Stênio Ribeiro
Reporter - Agência Brasil
Brasília - Approximately 86% of the jobs made available between January and July in the Brazilian agricultural sector were in the states of São Paulo and Minas Gerais. This statistic was furnished by the University of São Paulo's (USP) Center of Advanced Studies in Applied Economics (Cepea).
According to Luciano Marcos de Carvalho, an adviser with the Brazilian Confederation of Agriculture (CNA), this is so because the cultivation of coffee and sugar cane is concentrated in these states. These are agricultural activities that require large quantities of permanent workers, says the secretary of Production and Agroenergy of the Ministry of Agriculture, Linneu Costa Lima. "Jobs are not lacking in these areas," he guarantees.
Carvalho recalls that agriculture is responsible for a sizeable portion of rural job offers during the first half of the year, which is when most crops are harvested. However, fewer new jobs were generated this year, due to droughts that caused big losses in the production of soybeans, corn, rice, cotton, and wheat.
The concern now, he notes, is directed at the performance of the sector in the growing year that is just getting underway and for which the government has announced financial resources totaling US$ 23.259 billion (R$ 53.35 billion), US$ 19.335 billion (R$ 44.35 billion) of which is for commercial farming and US$ 3.923 billion (R$ 9 billion), for family farming.

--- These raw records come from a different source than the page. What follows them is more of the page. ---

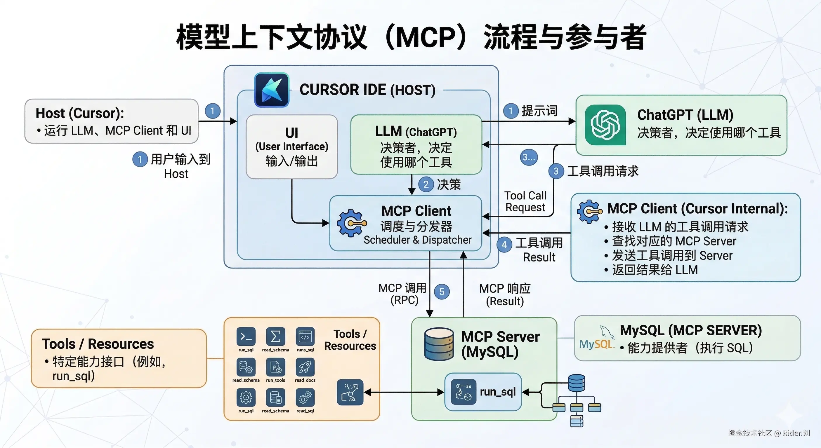 - Host(Cursor) :运行 LLM + MCP Client + UI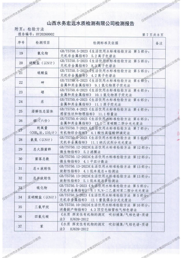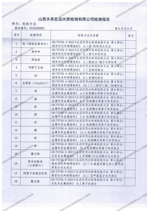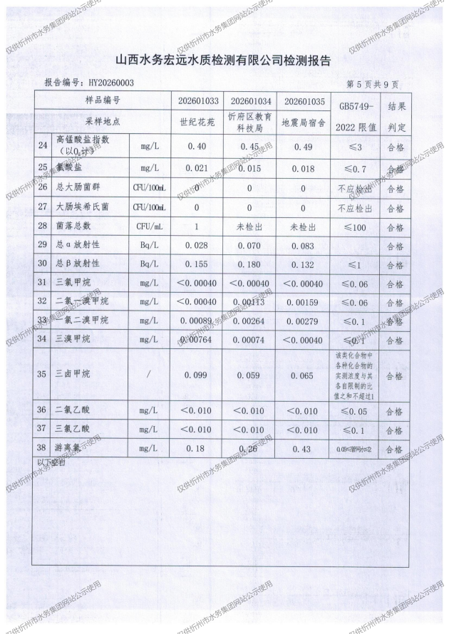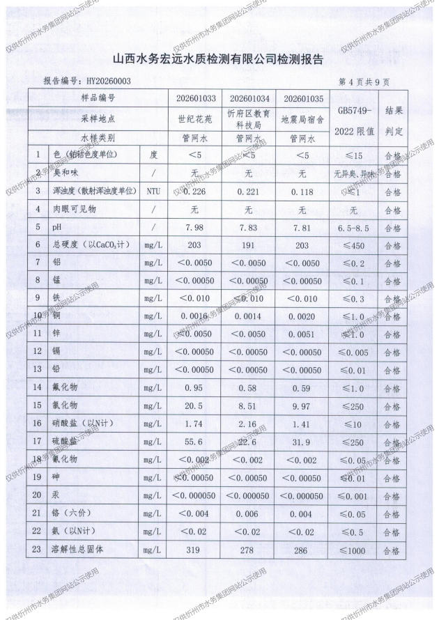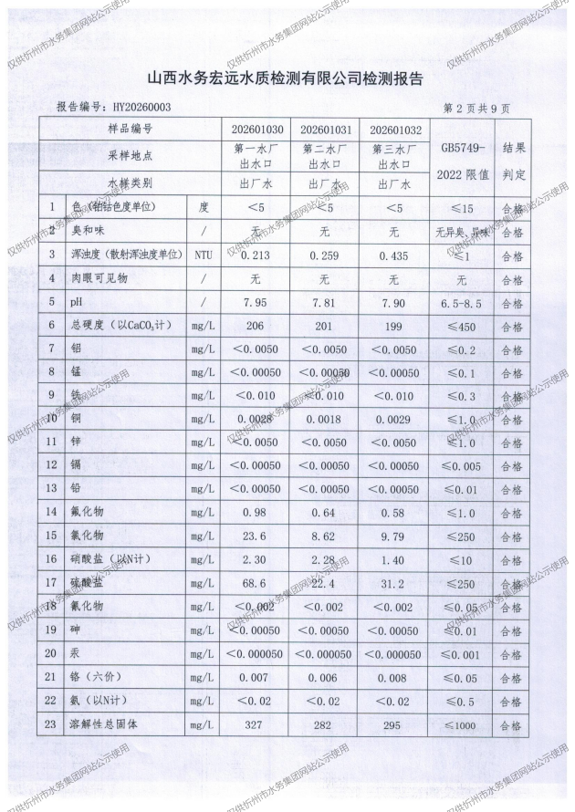 忻州城區(qū)公共供水水源水、出廠水、管網(wǎng)水、管網(wǎng)末梢水2026年1月份水質(zhì)信息公示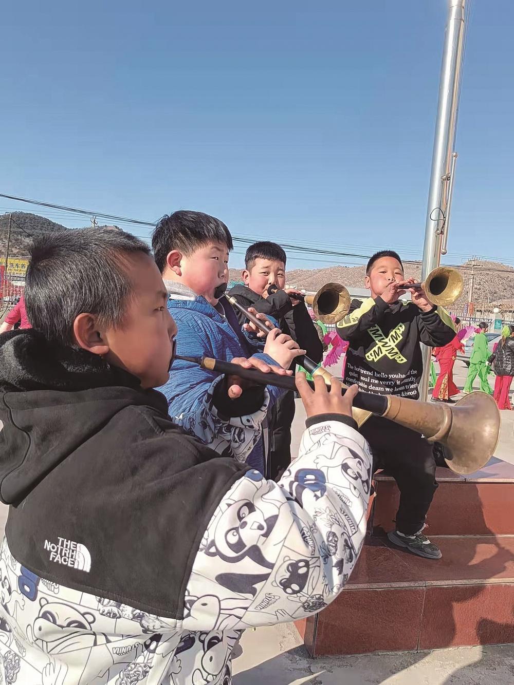 孩子們吹起嗩吶來格外賣力。張莉 攝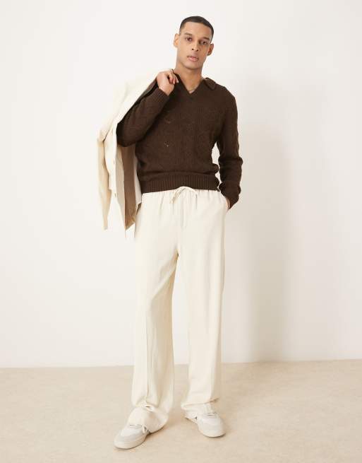 ASOS DESIGN wide leg suit pants in light ecru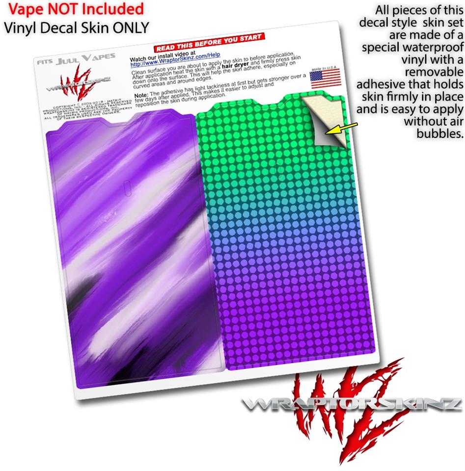 WraptorSkinz® skin wraps are printed using superb photo quality designs and vibrant colors printed with special fade resistant inks that last even in direct sun for years. WraptorSkinz are a composite of two layers of commercial grade materials. The bottom layer is a soft, flexible vinyl with a special removable adhesive that is easily positioned, applied without air bubbles. Next we print the bottom layer with UV protected, fade resistant inks that deliver superb photo quality designs in vibrant colors. Finally we bond a professional grade laminate over the entire skin adding a glossy protective finish. This product is not affiliated with or endorsed by the Juul brand.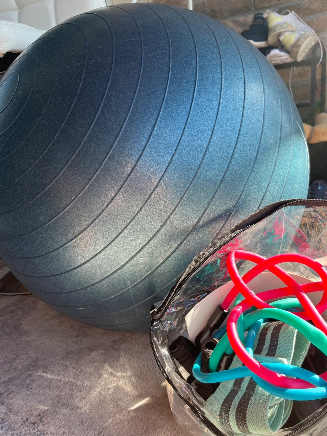Blue Exercise Ball with Resistance Bands and Bag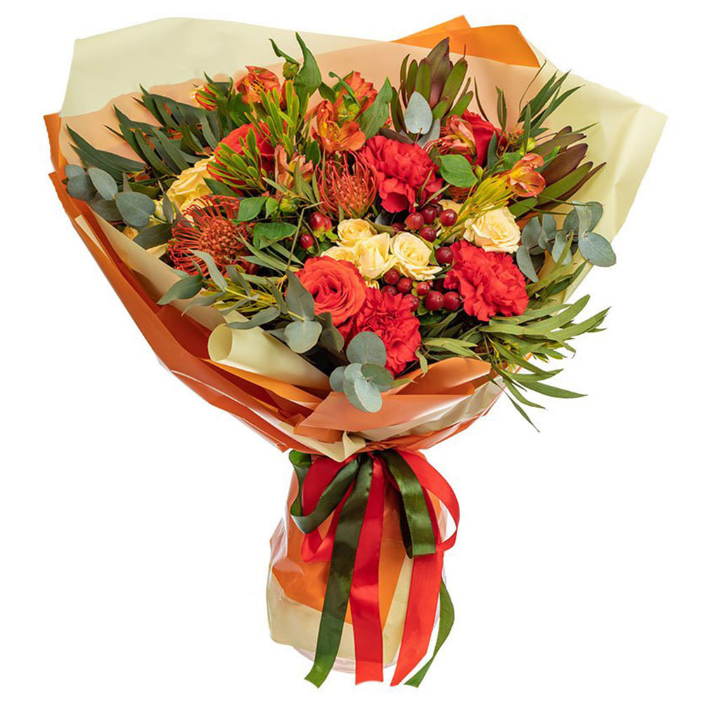 Роза одноголовая красная, роза кустовая кремовая, гвоздика красная, альстромерия оранжевая, фисташка, папоротник, протея, гиперикум, эвкалипт, зелень. Упаковка (лента, пленка, крафт, сетка, пленка матовая)

According to Carvalho, everything will depend upon the frame of mind of the farmers, who lost income by being forced to sell crops at cheaper prices and, to boot, had to renegotiate part of their overdue debt, postponing repayment until March-April of next year. All of this contributes to uncertainties that may also prompt the use of less technology in the 2005/06 growing year and once again affect the generation of employment in the countryside, he argued.